Considering dependency injection is merely the (pointlessly) posh word for passing objects into other objects and therefore providing inversion of control, it's not at all over-engineering. It's absolutely the opposite. It's a simple change, providing you have your tools set up for it, that provides a lot of positives - some of which I've already explained.

• I'm fully aware PHP is not Java, I'm not sure this is an objective reason for not using DI.
• Re-usable code is something to aspire to provide for the future, regardless of whether or not it is possible in 100% of cases. I was never taught this, it is something I have picked up myself over the years through research and experience. I enjoy crafting re-usable code. I don't do it in 100% of cases, but I aim for it when designing systems when I can.
• I never stated all code should be object oriented. The rest of your paragraph on this point was unecessary.
• Language features exist and change with the times. Nobody uses goto any more because it was considered bad practice, yet the php interpreter actually uses one less opcode using a goto as opposed to a function call. I'm not actually sure why you pointed that out.

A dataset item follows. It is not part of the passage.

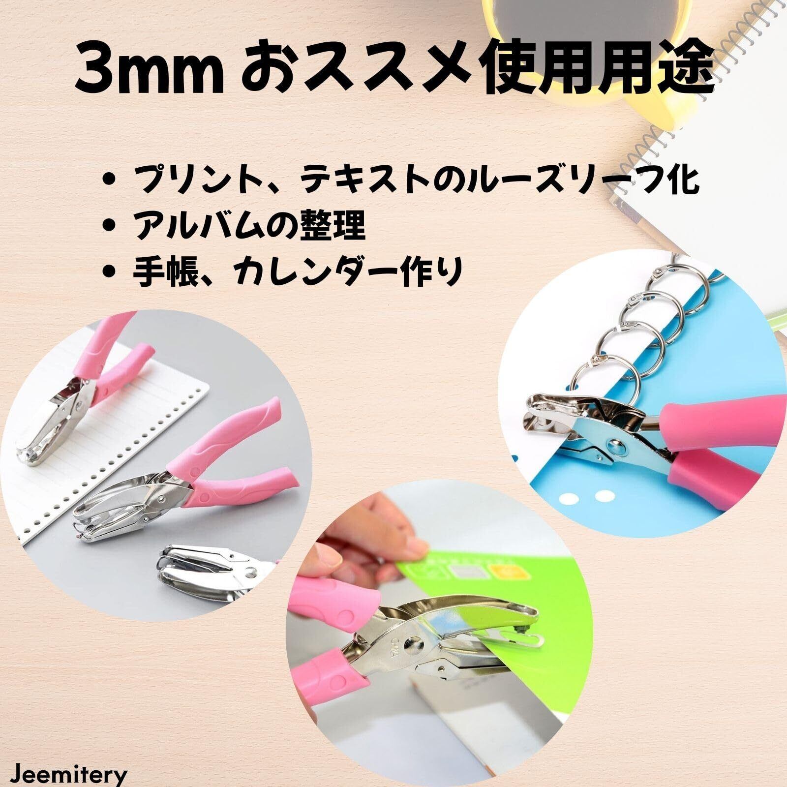用途に合わせて使える3種類:穴のサイズは6mmと3mmと1.5mmの3種類があります。用途に合わせて使い分けできます。手帳のカスタムやタグ作成、クラフト制作など細かい作業にも最適。ピアス台紙用にもおすすめです。

Call DI over-engineering all you like, but I will continue to provide code which helps future devs with reusability, with plenty of good comments, documentation and diagrams and good practice. And as I've heard many times, they're happier for it when it comes to modification or extension.

I didn't say DI itself was always overengineering. But it does require some infrastructure that doesn't always have to be there. You're saying it never is, and that globals are never useful. That is naïve to an extreme, and i've seen enough counterexamples of it to make the point look ridiculous.

Disagree if you want, it doesn't make the post look any less naïve. Or any less half-assed for providing a more complicated example that is actually easier in every way with globals.

Just to be clear, i'm not advocating "global everything". DI certainly can help simplify OO code tremendously, and it's hardly ever (actually, i could even agree with "never") a good idea to rely on global state that is both readable and writable. But there's a huge difference between sharing, say, a "database" (which could visibly and arbitrarily change state with each use) and a log file (which, by being effectively write-only, causes no changes that callers can base their behavior on) or an immutable data structure (which, by being effectively read-only, doesn't have the action-at-a-distance problem that mutables do). The unwillingness to accept that there actually are good use cases for globals, is IMO sabotaging your message.

There is always pretty much a better way than globals. Feel free to disagree while I write code that the next developer down the line has and will be happier to work with.

If you have the infrastructure in place to DI your database abstraction, you might as well DI your logger as well. I provided both as an example for what some people do with static calls to them. Either way, it's poor and bad for re-use. An extra class for logging some core business logic in a decorator is not a lot, at all.

I may /logger/database/s but the point still stands on statics and coupling.